Proto Language

Indices and tables

Pattern Library Quick Look

The Pattern Library is a toolkit for building recursive descent parsers, offering a range of features from low-level pointer manipulation, to high-level, grammar-like abstractions.

Below are various ways in which you might tokenize a number which can be either an integer or a decimal.
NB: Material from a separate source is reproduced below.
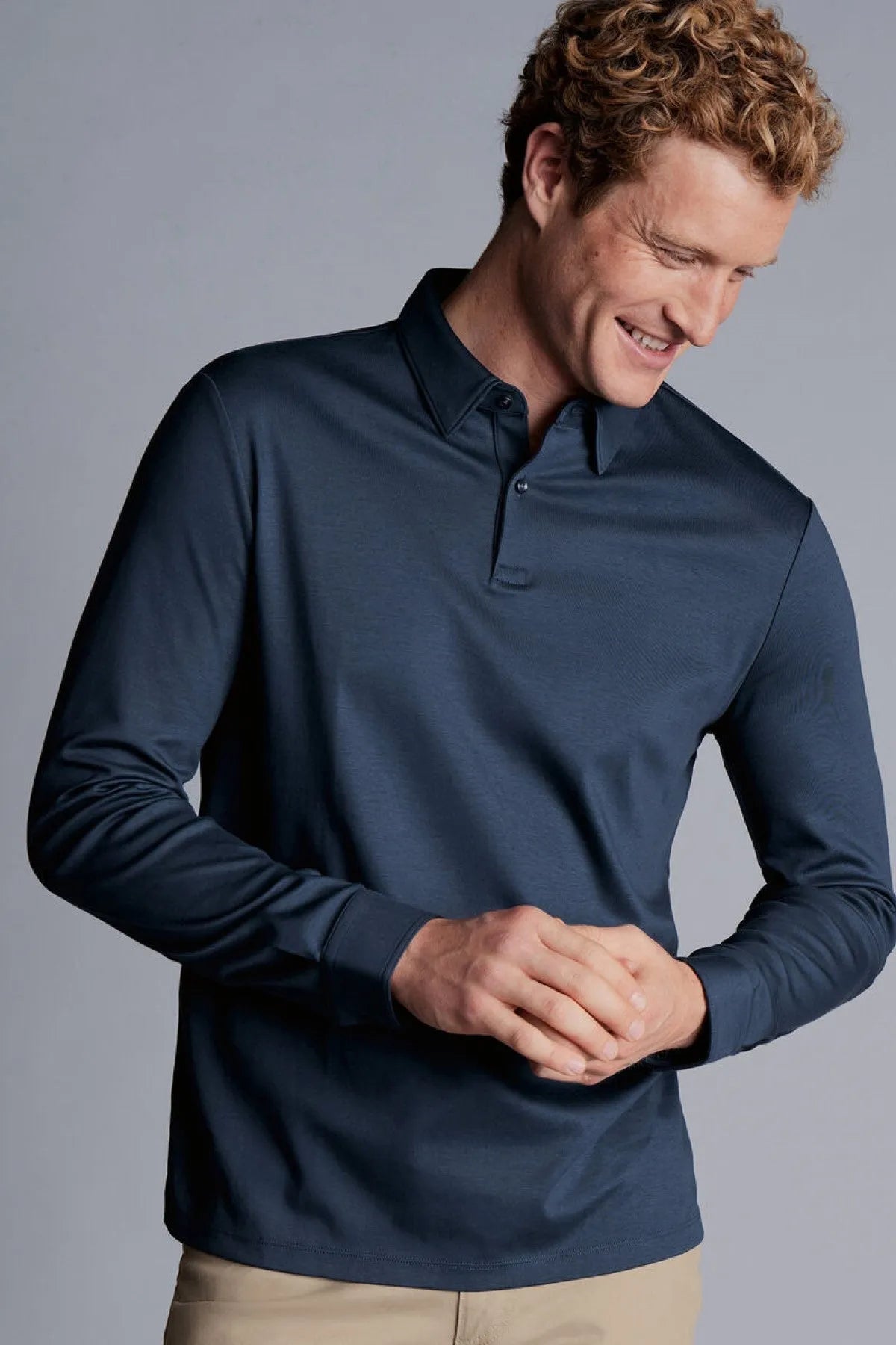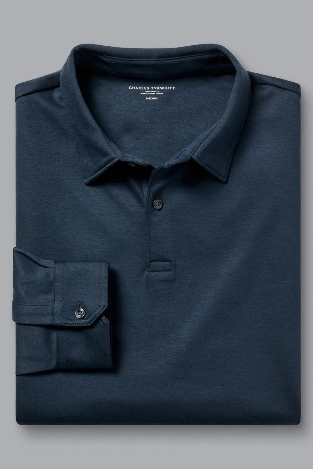 Petrol Blue Plain Long Sleeve Jersey Polo

Assume that the current character has been identified as a digit in your outer loop.

Set up

The following definitions are used throughout the examples:

#include <string>
#include <string_view>
#include <variant>
#include "scan_view.h"
#include "scanning-algorithms.h"
#include "syntax.h"

enum class TokenType { INTEGER, DECIMAL };
using number_token = token<TokenType, std::variant<int, double>>;

constexpr bool is_digit (char c)     { return '0' <= c && c <= '9'; }

std::string to_string (std::string_view s)     { return std::string {s.data(), s.length()}; }

Using pointers

number_token number (scan_view& s)
{
     // Integer
     std::string match = "" + *s++;

     while (is_digit(*s))    match += *s++;

     if (s[0] != '.' || !is_digit(s[1]))    return {TokenType::INTEGER, std::stoi(match)};

     // Decimal
     match += *s++ + *s++;

     while (is_digit(*s))    match += *s++;

     return {TokenType::DECIMAL, std::stod(match)};
}

Using algorithms

number_token number (scan_view& s)
{
     s.save();

     // Integer
     ++s;
     advance_while(s, is_digit);

     if (*s != '.' || !is_digit(s[1]))    return {TokenType::INTEGER, std::stoi(s.copy_skipped())};

     // Decimal
     s += 2;
     advance_while(s, is_digit);

     return {TokenType::DECIMAL, std::stod(s.copy_skipped())};
}

Using higher-order functions

number_token number (scan_view& s)
{
     constexpr auto integer    = Scan::some(is_digit);
     constexpr auto fractional = Scan::join('.', integer);

     s.save();

     integer(s);

     if (!fractional(s))     return {TokenType::INTEGER, std::stoi(s.copy_skipped())};
     return {TokenType::DECIMAL, std::stod(s.copy_skipped())};
}

Using declarative features

auto integer    = Scan::some(is_digit);
auto fractional = Scan::join('.', integer);

number_token tokenize_int (std::string_view match)
{
     return {TokenType::INTEGER, std::stoi(to_string(match))};
};

number_token tokenize_dec (std::string_view match)
{
     return {TokenType::DECIMAL, std::stod(to_string(match))};
};

// Tokenize::incremental takes a list of pairs of scanners and tokenizers
auto number = Tokenize::incremental({integer,    tokenize_int},
                                    {fractional, tokenize_dec});

Using grammar-like features

auto digit   = GrammarExp >> '0' | '1' | '2' | '3' | '4' | '5' | '6' | '7' | '8' | '9';
auto integer = +digit;
auto decimal = integer & '.' & integer;

number_token tokenize_int (std::string_view match)
{
     return {TokenType::INTEGER, std::stoi(match)};
};

number_token tokenize_dec (std::string_view match)
{
     return {TokenType::DECIMAL, std::stod(match)};
};

Language myLang;

// Incremental parsing is handled automatically when rules are added
myLang.add_rule(integer, tokenize_int);
myLang.add_rule(decimal, tokenize_dec);

Using built-in definitions

#include "pattern.h"

Language myLang;
myLang.add_rule(PatDef::integer, [](auto m) -> number_token { return {TokenType::INTEGER, std::stoi(m)}; });
myLang.add_rule(PatDef::decimal, [](auto m) -> number_token { return {TokenType::DECIMAL, std::stod(m)}; });